The Trustable AI Bill of Materials (TAIBOM) project

TAIBOM is a UKRI-funded project that extends the concept of an SBOM into the AI space: it covers software components but also addresses data provenance, training data integrity, and the cybersecurity of inferencing systems. The goal is to produce a practical framework that supports trustworthy AI across industry.

What TAIBOM covers

  • Software Bill of Materials (SBOM) for code and dependencies
  • Data provenance and lineage: what data was used to train models?
  • Data integrity: assessing and documenting the quality of training datasets
  • Inferencing system security: how models are deployed and protected at inference time

Project partners

  • Nquiring Minds
  • Copper Horse
  • University of Oxford
  • BSI (British Standards Institution)
  • BAE Systems
  • TechWorks as industry intermediary and contributor

TechWorks contributes by bringing our membership’s practical experience into the project, through working groups, critique and guidance, ensuring the outputs are relevant to a wide range of deep-tech organisations.

How TechWorks members feed into standards and practice

Our membership includes leading companies across the stack – chip designers, manufacturers, automotive electronics and cybersecurity practitioners.

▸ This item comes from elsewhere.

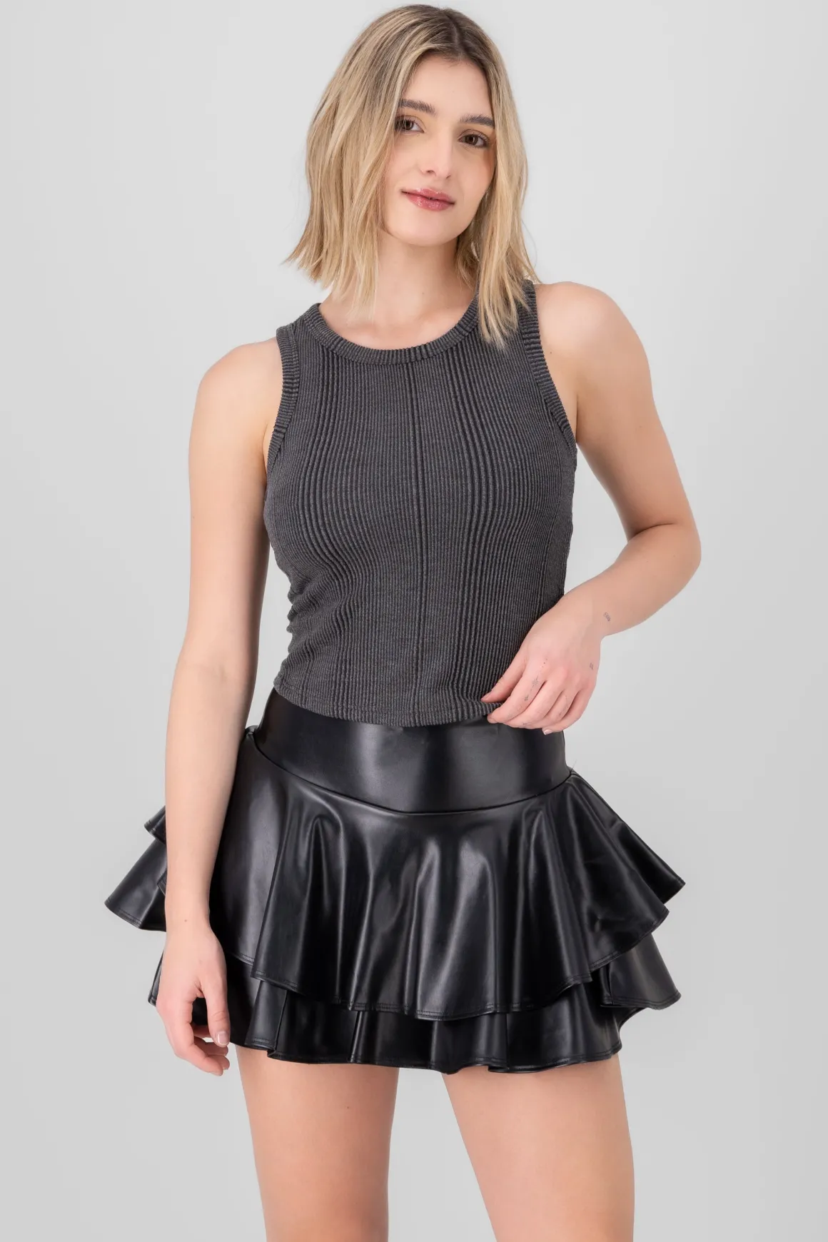 Luce relajada con este top acanalado sin mangas y efecto deslavado. Un básico moderno para cualquier armario juvenil, ideal para combinar con jeans de tiro alto o faldas.

Examples include ARM, NXP, and others who regularly engage in our working groups and projects.

Through these groups we surface real-world requirements, test proposed approaches and feed back into standards development organisations like BSI. That two‑way connection helps ensure standards are implementable and aligned with business needs.

Practical steps for UK businesses

If you’re responsible for technology, product or compliance, here are sensible next steps:

  1. Start inventorying your software components and dependencies & begin building SBOMs now rather than waiting for regulation.
  2. Map data flows and document data provenance for training and validation sets.
  3. Assess inferencing security: how are models served, who can access them, and how are inputs and outputs protected?
  4. Engage with industry groups and standards bodies to help shape practical guidance – participation speeds adoption and influence.
  5. Look for collaborative projects (like TAIBOM) that can provide frameworks and tools you can adopt early.

Conclusion

SBOMs are a foundational element for system integrity, but for AI we need to go further – documenting data provenance, ensuring data integrity and securing inferencing pipelines. Regulatory pressure from the US and EU makes this a priority for UK businesses, not just a best practice.

At TechWorks we aim to convene expertise across AI, semiconductor design, manufacturing, automotive electronics and IoT security so that the UK’s deep tech ecosystem can respond to these challenges coherently and competitively. If you’re building or deploying AI systems, now is the time to get serious about SBOMs and to engage in collaborative initiatives like TAIBOM that are shaping what “trustable AI” will mean in practice.